Tom Webster, writing and speaking

The Five Biggest Challenges for Social Media Monitoring on Twitter

Added on by Tom Webster.

I've heard a lot of speakers at conferences (both social media consultants and brand managers) talk about how they are using Twitter to listen and respond to mentions of their brands. There's no downside to this--if someone tweets that they have a problem with your product, and you respond to that problem, you might just have made a new fan--maybe more than one, depending on who else was listening. There are obvious tactical benefits to monitoring brands on Twitter.

However, what is not so clear are the strategic benefits to mining Twitter data--in particular, using Twitter for market research, a usage I have often heard cited by Twitter enthusiasts. I'd like to think that someday organic monitoring of Twitter might truly supplement--and even replace--more artificial and intrusive means of gauging consumer opinion. For that to happen, however, market researchers and social media monitoring services need to address these five concerns, in increasing order of difficulty:

1. Representative Sampling. Not much more needs to be said about this--though Pew reports that nearly one in five of us are "tweeting," the reality is that it's probably more like one in ten (owing to problems with the wording of the Pew question). The non-response bias on current Twitter data is enormous. If Twitter really becomes a mainstream communication channel, however, this will sort itself out. The key for Twitter enthusiasts is to realize that they are not necessarily "ahead of the curve." They might just be different. Again, I think this issue will diminish over time.

2. Language Issues. Nuances are often lost in 140 characters--there can be dozens of shades of dissatisfaction with products and services.
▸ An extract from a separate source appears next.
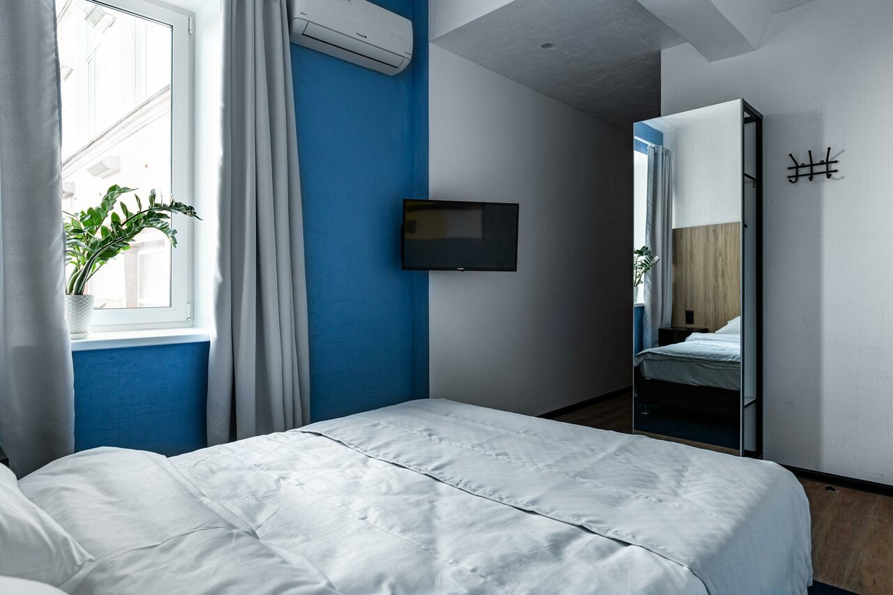 - Возможность настройки температуры в номере.; Близость к достопримечательностям, магазинам, кафе.; Свежий ремонт.; Удобные матрасы и подушки.; Адекватные цены.

The reductio ad absurdum of Twitter compresses most of them to "FTW!" and "FAIL." Over time, sentiment monitoring will continue to get better and better, but there is a big difference between a coffee shop FAIL of having to wait more than five minutes in line and a FAIL of finding a cigarette butt in your coffee. Tactically, a customer service rep can address both on Twitter, but there isn't a computer on earth that can yet tell me the difference between those two FAILS.

3. The Retweet Problem. Now we are getting into some thornier issues. If I read a series of blog posts about a brand, I can use backlinks, Google rank, Technorati and other tools as a proxy to guesstimate the authority of a given blog and weigh the results accordingly. With Twitter, it isn't so easy. Followers are a poor proxy (is Ashton Kutcher more authoritative than Arnold Schwarzenegger? Is Chris Brogan less authoritative than Britney Spears? On what topics?); lists are perhaps more promising but the math on those potential algorithms makes my head hurt. Today we often use the retweet, even if only subconsciously, as a proxy for credibility. When we see something retweeted multiple times, our brains process this as "man, I see that opinion everywhere--it must be true!" when it is entirely possible that the retweeter(s) didn't even go back and check the source material referenced in the original tweet. We also don't know why a user retweeted something, which brings me to the currently insurmountable number four...

4. Motive. Twitter monitoring is great for counting the mentions of a brand, and potentially--someday--even a measure of observable sentiment. But what motivates someone to tweet negatively--or positively--about a product or service? I'm not talking about sponsored tweets and disclosure issues, I'm talking about discerning the motives behind a complaint, or a word of praise.

5. Contextualizing the User. This is potentially the stickiest wicket, and the ones that will give future researchers the biggest headaches when trying to parse Twitter longitudinally. If I post a cranky tweet about a car, a social media monitoring service will duly record this as "one mention" and might even go so far as to label it as negative. But what if I am @crankypants and all of my tweets are cranky? What if I complain a lot, and my particular complaint about a car actually isn't so bad, when compared to my long history of #complaints? Or what if my positive mention of a product is one of thousands of similarly pollyana-ish proclamations about products I am hoping to get free samples of? We can track the sentiment of a brand over time, but how do we contextualize the user to determine if my "FAIL" is better or worse than your "FAIL?" This one issue will dog Twitter research for years--maybe decades--and I don't think there is a computer "alive" that can solve these last two issues satisfactorily to come up with any kind of system for accurately categorizing sentiment over time.

So, what do you think? What am I missing?